DATA TO USE -
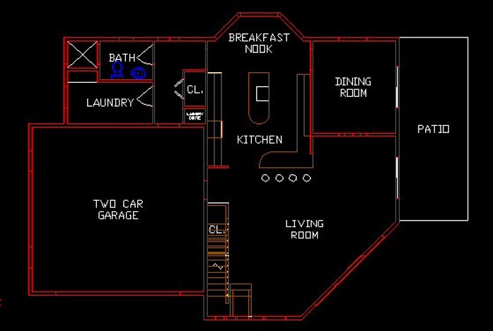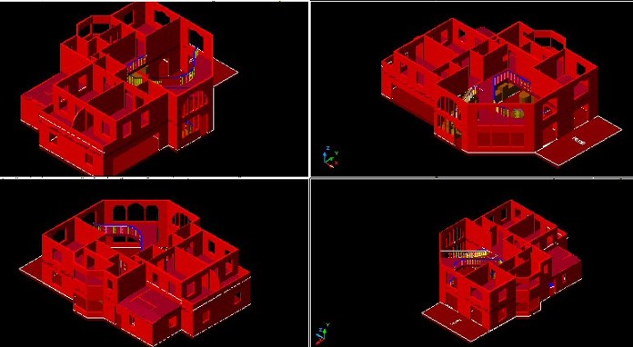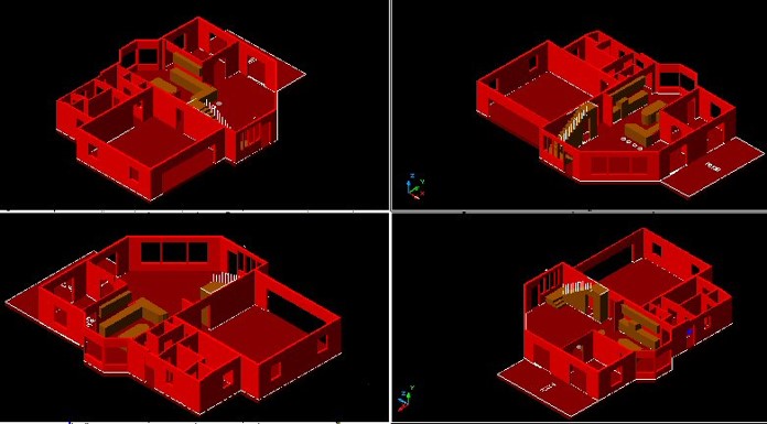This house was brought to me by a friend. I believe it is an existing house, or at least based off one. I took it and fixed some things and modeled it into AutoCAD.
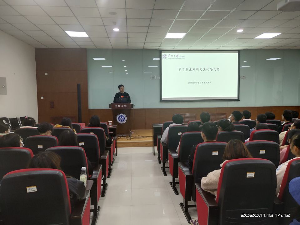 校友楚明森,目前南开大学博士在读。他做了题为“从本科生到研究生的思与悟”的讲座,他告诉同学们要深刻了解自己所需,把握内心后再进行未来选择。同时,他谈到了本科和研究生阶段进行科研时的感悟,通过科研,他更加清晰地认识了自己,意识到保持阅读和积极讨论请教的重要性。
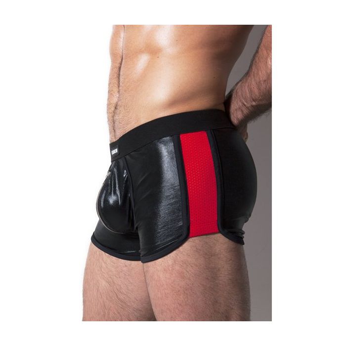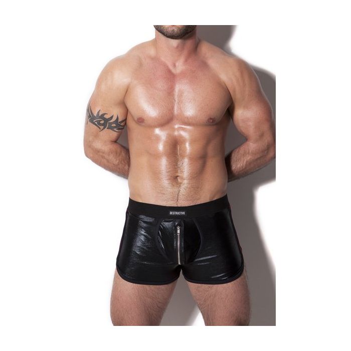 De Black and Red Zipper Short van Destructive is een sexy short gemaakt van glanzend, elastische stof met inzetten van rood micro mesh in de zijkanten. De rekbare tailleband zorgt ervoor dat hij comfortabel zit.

==

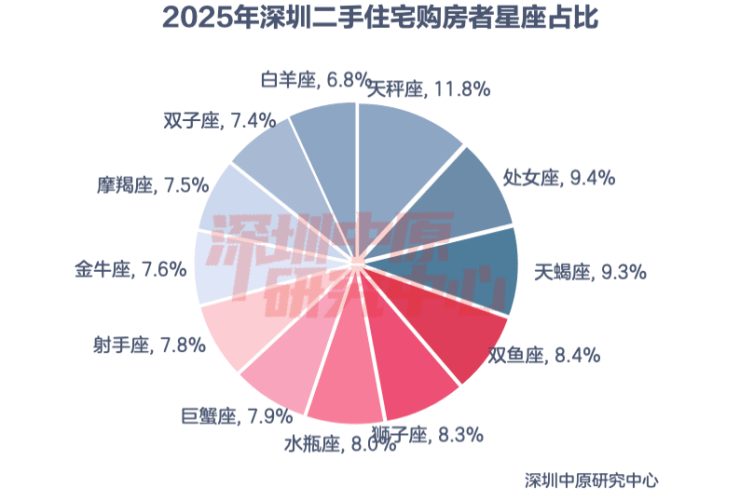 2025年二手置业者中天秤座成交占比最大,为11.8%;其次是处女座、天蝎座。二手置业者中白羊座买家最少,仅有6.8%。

EXERCISE INSTRUCTIONS - If a picture sits between the line containing "校友楚明森,目前南开大学博士" and the line containing "De Black and", leave it out, and return the lines of that range above exactly, both ends included.

RESULT OF THIS TASK -
 校友楚明森,目前南开大学博士在读。他做了题为“从本科生到研究生的思与悟”的讲座,他告诉同学们要深刻了解自己所需,把握内心后再进行未来选择。同时,他谈到了本科和研究生阶段进行科研时的感悟,通过科研,他更加清晰地认识了自己,意识到保持阅读和积极讨论请教的重要性。
 De Black and Red Zipper Short van Destructive is een sexy short gemaakt van glanzend, elastische stof met inzetten van rood micro mesh in de zijkanten. De rekbare tailleband zorgt ervoor dat hij comfortabel zit.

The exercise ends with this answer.